Braverman-Gross et al. generated MODY1 iPSCs from patients carrying a Q268X mutation in the HNF4A gene [previously shown to cause haploinsufficiency (41),]. The authors differentiated the cells towards pancreatic progenitors and exhibited an upregulation of some pancreatic markers, such as PAX6, NEUROD1 and NEOUROG3 in the MODY1 cells, indicating a possible partial compensatory mechanism for the mutation (30). RNAseq data of MODY1 cells from the primitive gut tube stage of differentiation revealed subgroups of putative HNF4A gene targets. Targets with less HNF4A binding sites and more sites for other TFs in their promotors were less affected by HNF4A haploinsufficiency, further suggesting a redundancy mechanism for the mutation.

Maturity Onset Diabetes of the Young 3

MODY3, caused by mutations in another TF, HNF1A, is characterized by gradual β cell dysfunction and progressive hyperglycemia. In 2015, Stepniewsky et al. generated two MODY3 iPSC lines derived from patients carrying either R271W or P379fs mutations in HNF1A (31). They then differentiated the cells towards hormone producing cells. Even though the differentiation capacity was rather poor and resulted in immature polyhormonal cells with low percentage of insulin-positive cells, they showed that the MODY3 cells had a similar capacity to differentiate as iPSCs generated from healthy individuals (31).

Yabe et al. generated MODY3 iPSCs carrying the most common mutation in HNF1A gene, P291fsinsC (33). They differentiated the iPSCs to pancreatic cells, and showed that the mutated RNA is abolished by nonsense mediate decay (NMD), consequently leading to minimal expression of the mutant protein, indicating haploinsufficiency mechanism for this MODY3 mutation as well.

Maturity Onset Diabetes of the Young 4

MODY4 is caused by mutated PDX1 TF, which usually results in defective insulin secretion, while homozygous mutations in this gene also lead to pancreatic agenesis. In 2016, Wang et al. generated two iPSC lines carrying heterozygous P33T and C18R mutations in PDX1 gene (34, 35). By differentiating the cells towards pancreatic endoderm, they exhibited no difference in PDX1 expression and early pancreatic differentiation between mutant and control cells (42). At later stages, β-like cells derived from MODY4 iPSCs had low insulin expression and reduced GSIS. Using CRISPR/Cas9 gene editing, they also induced the same mutations in homozygous state, as well as heterozygous frame shift mutation in control iPSCs. The mutated cells showed impairment in differentiation towards pancreatic precursors by reduced C-peptide expression and reduced GSIS. In addition, they showed reduction of transcription levels in pancreatic genes including NEUROD1, ISL1, and INS, which were previously shown to be direct PDX1 targets (43).

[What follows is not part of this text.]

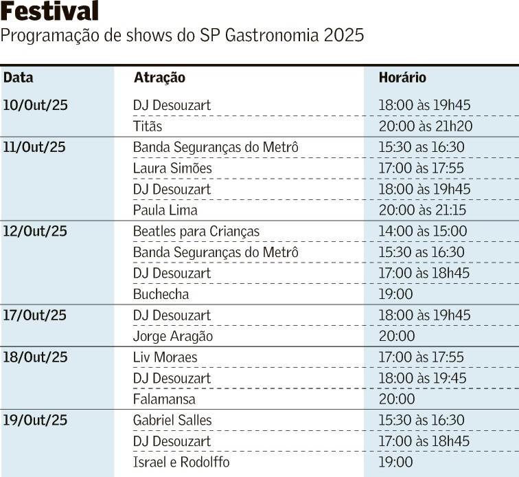 SP Gastronomia reunirá culinária e shows musicais

Maturity Onset Diabetes of the Young 5

MODY5, caused by mutations in HNF1B TF, is characterized by reduced insulin secretion and renal cysts in some patients. Yabe et al. generated MODY5 iPSCs from a patient carrying R177X mutation in HNF1B (37). As in the case of their MODY3 study, they showed that NMD destruction of the mutant RNA is taking place, hinting for haploinsufficiency of HNF1B as the underlying cause of MODY5. Teo et al. generated iPSCs from MODY5 patients, carrying a different mutation, S148L (38). Differentiated MODY5 cells showed upregulation of definitive endoderm and early pancreatic genes, including SOX17, FOXA2, GATA4, GATA6 and PDX1, as well as HNF1B itself, suggesting a compensatory gene expression circuit. Using luciferase assays they also showed that the increase in PDX1 expression was directly related to the S148L mutant allele. The only pancreatic gene that was downregulated in the MODY5 cells was PAX6. It was hypothesized that this occurred by an indirect regulation, as PAX6 promoter was not found to bind HNF1B. This downregulation could explain some of the diabetic symptoms of MODY5 patients.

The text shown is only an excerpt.